Open Tmonster opened 1 year ago
Yeah, I feel your pain here. After doing these benchmarks we found that we were often spending ~70% of our time reading parquet while on cloud with Dask. Our parquet reader was far slower than we expected. However, rather than switch to some more Python-bespoke-file-type, like Pickle files, we're choosing to focus our efforts on improving our parquet reading. I guess we could switch to pickle files, but we never see users use this in practice (everyone seems to use Parquet today) so this change would only be to make us look better, and not to help improve user experience.

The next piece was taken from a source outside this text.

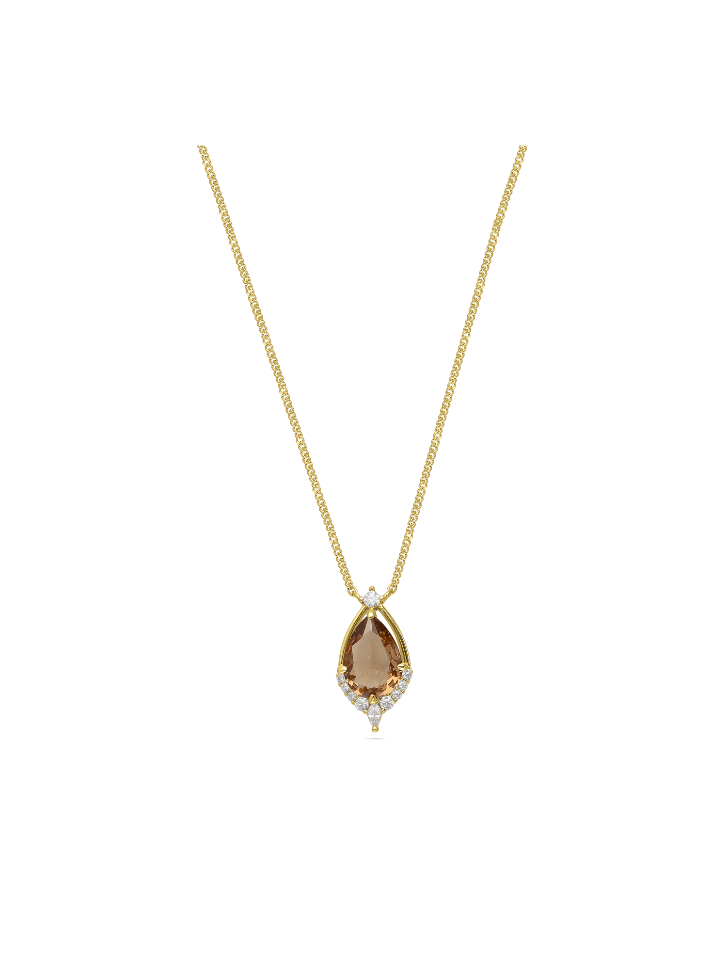 Fio com pendente, Banhado a Ouro, Zircónia de cultivo, Claro, Castanho, Lágrima, Feito à mão, Dourado, comprimento do pendente: 1.7 cm, largura do pendente: 1.0 cm, 3.37 gramas.

Do most DuckDB users use the native storage format, or do most DuckDB users use Parquet? My guess is the latter, and if so I'm inclined to treat Parquet as just part of the benchmark. Otherwise this seems like over-optimization.
What are your thoughts?
Currently every solution seems to execute the queries on parquet files. In the benchmark video, it is noted that duckdb runs on a different instance type to match the number of cores a distributed system like Dask can use with multiple machines. In these two scenarios the same data format/storage is used, which is partitioned tpch parquet files. While duckdb has a good parquet file reader, our FileSystem manager isn't great at handling large batches of parquet files and splitting the work between them.
If the duckdb native storage format is used, I imagine Duckdb will have improved performance for the following two reasons.
Duckdb has a benchmark runner for tpch, which we run on parquet files and on our own storage format. Here are timing results on my MacBook M1 with 16GB ram in a noisy environment. In this scenario we are just using one parquet file per table.
using duckdb native storage
reading from parquet files
If it's not a problem with you, could I change the data generation script to generate a duckdb database with data along with the parquet files? I will also modify the
test-duckdb.py
script to automatically attach to the duckdb database for every query.